[Bug tree-optimization/102391] Failure to optimize adjacent 8-bit loads into a single bigger load

2021-12-15 Thread pinskia at gcc dot gnu.org via Gcc-bugs
https://gcc.gnu.org/bugzilla/show_bug.cgi?id=102391

Andrew Pinski  changed:

   What|Removed |Added

 Status|NEW |RESOLVED
 Resolution|--- |DUPLICATE

--- Comment #4 from Andrew Pinski  ---
Dup of bug 98953.

*** This bug has been marked as a duplicate of bug 98953 ***

[Bug tree-optimization/102391] Failure to optimize adjacent 8-bit loads into a single bigger load

2021-09-20 Thread rguenth at gcc dot gnu.org via Gcc-bugs
https://gcc.gnu.org/bugzilla/show_bug.cgi?id=102391

--- Comment #3 from Richard Biener  ---
the bswap pass is in principle able to handle these but it sees

  _1 = (sizetype) offset_12(D);
  _2 = RomHeader_13(D) + _1;
  _3 = *_2;
  _4 = (signed short) _3;
  _5 = _1 + 1;
  _6 = RomHeader_13(D) + _5;
  _7 = *_6;

so the constant offset is not forwarded to the MEM_REFs (int vs. size_t issue)
and the bswap pass doesn't perform any fancy dataref analysis to spot
constant offsetted same bases (it could simply use split_constant_offset
on the found base I guess or invoke DR analysis in BB mode).

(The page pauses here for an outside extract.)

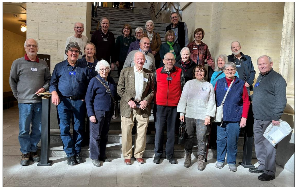
Senate tour. Almost two dozen club members had an informative tour of the temporary Senate now housed in the old Ottawa Union Station.

Western Ottawa Probus meets at Kanata Baptist Church 465 Hazeldean Road

[Bug tree-optimization/102391] Failure to optimize adjacent 8-bit loads into a single bigger load

2021-09-17 Thread pinskia at gcc dot gnu.org via Gcc-bugs
https://gcc.gnu.org/bugzilla/show_bug.cgi?id=102391

Andrew Pinski  changed:

   What|Removed |Added

   Severity|normal  |enhancement
 Ever confirmed|0   |1
   Last reconfirmed||2021-09-18
 Status|UNCONFIRMED |NEW

--- Comment #2 from Andrew Pinski  ---
GCC can figure out case offset = 0;

There might be a dup of this one too.

[Bug tree-optimization/102391] Failure to optimize adjacent 8-bit loads into a single bigger load

2021-09-17 Thread gabravier at gmail dot com via Gcc-bugs
https://gcc.gnu.org/bugzilla/show_bug.cgi?id=102391

Gabriel Ravier  changed:

   What|Removed |Added

Summary|Failure to optimize 2 8-bit |Failure to optimize
   |loads into a single 16-bit  |adjacent 8-bit loads into a
   |load|single bigger load

--- Comment #1 from Gabriel Ravier  ---
Note: this also equivalently works on bigger sizes:

uint32_t HeaderReadU32LE(int offset, uint8_t *RomHeader)
{
return RomHeader[offset] |
(RomHeader[offset + 1] << 8) |
(RomHeader[offset + 2] << 16) |
(RomHeader[offset + 3] << 24);
}

On AMD64, GCC outputs this:

HeaderReadU32LE:
  movsx rdi, edi
  movzx eax, BYTE PTR [rsi+1+rdi]
  movzx edx, BYTE PTR [rsi+2+rdi]
  sal eax, 8
  sal edx, 16
  or eax, edx
  movzx edx, BYTE PTR [rsi+rdi]
  or eax, edx
  movzx edx, BYTE PTR [rsi+3+rdi]
  sal edx, 24
  or eax, edx
  ret

LLVM manages this:

HeaderReadU32LE:
  movsxd rax, edi
  mov eax, dword ptr [rsi + rax]
  ret